Even though there isn’t a clear champion of International Law, the United States has been a shrewd player of legality, arguably its main proponent, and oftentimes an advocate of a legalistic messianism. Believing itself endowed with the unique virtues of international policing, it was the first to dispose of traditional balance of power politics in favour of a universal set of values never before encountered in European history. (Kissinger, 1994) From Woodrow Wilson’s fourteen points to the charter of the United Nations, America has considered and, indeed, dared to act as a visionary, as a lighthouse of consensus-building.
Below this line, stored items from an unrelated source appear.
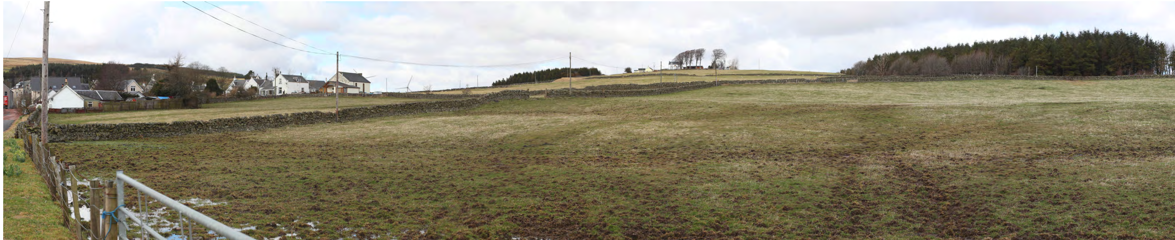
SEI2 SCHEME PHOTOMONTAGE VIEW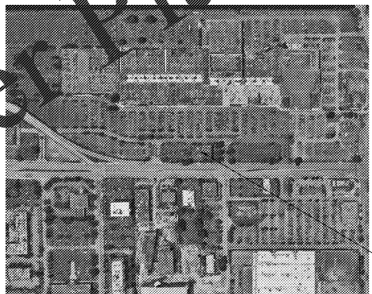
2 SITE MAP G001 6" = 1'-0"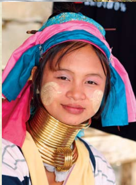
The Long Neck people we encountered were refugees of Burma. Each year the girls add a ring to their odd adornments.

But here I am having the ride of my life, tearing it up like I'm back in high school on roads riddled with empty corners. The pavement isn't exactly smooth, but it doesn't chew you up either. People drive with awareness, but you must keep your head in the game at all times. Thai locals—people and animals—don't expect vehicles, especially the two-wheeled kind, to be carrying much speed. This world is conditioned to the easy ebb and flow of scooter traffic, not fast-moving motorcycles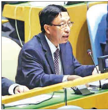
U Hau Do Suan, Permanent Representative of Myanmar.

in good faith through bilateral cooperation, it is most regrettable that instead of fulfilling its commitment for repatriation of the displaced persons as agreed upon in the bilateral agreements, the Bangladesh side has been deliberately making excuses one after another to stall the repatriation process. Bangladesh has been distorting the facts and telling the whole world that Myanmar is not willing to accept the return of the displaced persons. Bangladesh is altering the truth and vilifying the Government and people of Myanmar to solicit international condemnation and to exert maximum political pressures on Myanmar. We need full and sincere cooperation of the Government of Bangladesh if the repatriation process is to be successful.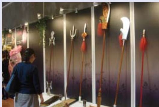
A permanent exhibition of Ming Hwa Yuan Art & Cultural Group costumes and props is in the works.

"A Century of Sugar Warehouse – Arts in the Air" was held on November 20, 2010, as a pre-launch event for the operation of the Taiwan Sugar Company Taipei Warehouse, designated as Taipei's one hundred and sixth historical landmark, in new form as the Cultural Zone Tangbu. Three of the warehouses on the premises of the old sugar mill hosted sugar warehouse opening special exhibitions, presenting an overview of the development of the sugar industry in northern Taiwan and the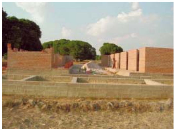
The foundation of two wings with bathrooms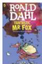
3rd & 4th Grade Tuesday, February 8 4:00 to 4:45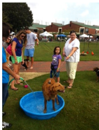
Canine participant cooling off

The Olympic Village featured canine health booths from the NC State University's Veterinary Health Complex and an educational booth with the North Carolina Association of Veterinary Technician board members; vendor tents offering canine-related goods and services; and some 11 rescue groups. 2 Paws Up, Best Friends, Boston Terrier Rescue of NC, Care for Animals, Carolina Care Bullies, English Springer Rescue of America, Neuse River Golden Retriever Rescue, Second Chance, Wake Animal Advocates Group, K9 Kindness and Doberman Rescue of NC.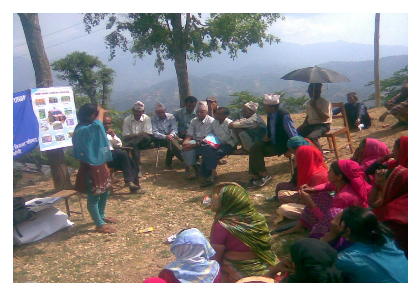
(Participants of VDC level democratic dialogue held at Arghakhanchi district)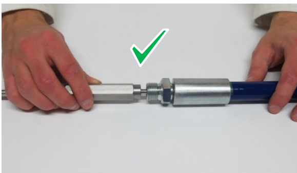
1. Go side must slide through the whole length of the insert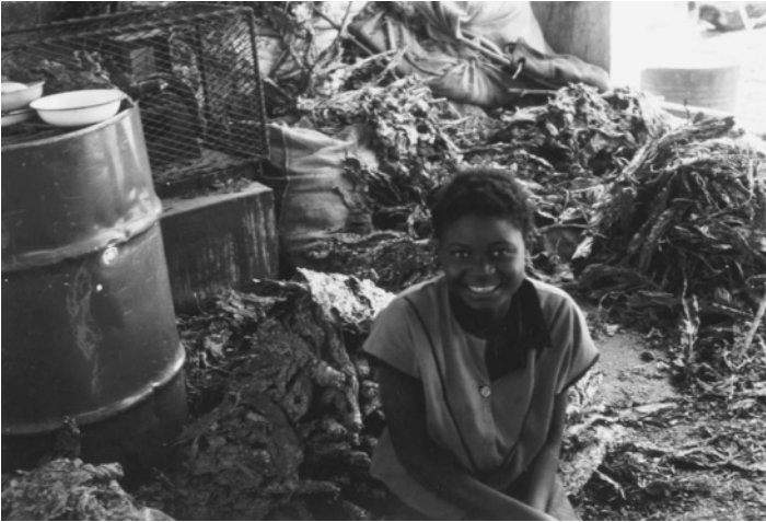
A woman dries tobacco. Many farmers hoped exports like tobacco could reduce Zambia's economic dependence on copper.

however, due to flaws in both design and implementation. Furthermore, the austere spending reductions called for by the World Bank and the Fund—including elimination of certain subsidies on the consumption of the staple food, maize meal—caused urban riots in 1986 that left more than 30 people dead, and President Kaunda was forced to halt the program.

However, America’s other side of the coin is its isolationism. Like Great Britain’s objection to the role of proactive balancer in the 19th century, it has at times been hard to convince the American public of the merits of foreign entanglements. America has thus settled for a withdrawal to its land, safe in the thought that it is surrounded by “fish and friends”. Hence, American society has been ambivalent, oscillating between a sense of commitment and a practical aloofness from European and Asian affairs.
Conclusion
In the timeless observation of Louis Henkin, “Most of International Law is followed by most states, most of the time”. With a few but staggering exceptions, the international arena is filled with committed state and non-state actors. International Law has both changing and unchanging characteristics, making it as dynamic as robust. The intertwining of law and international relations theories produces a comprehensive framework for analysis and action.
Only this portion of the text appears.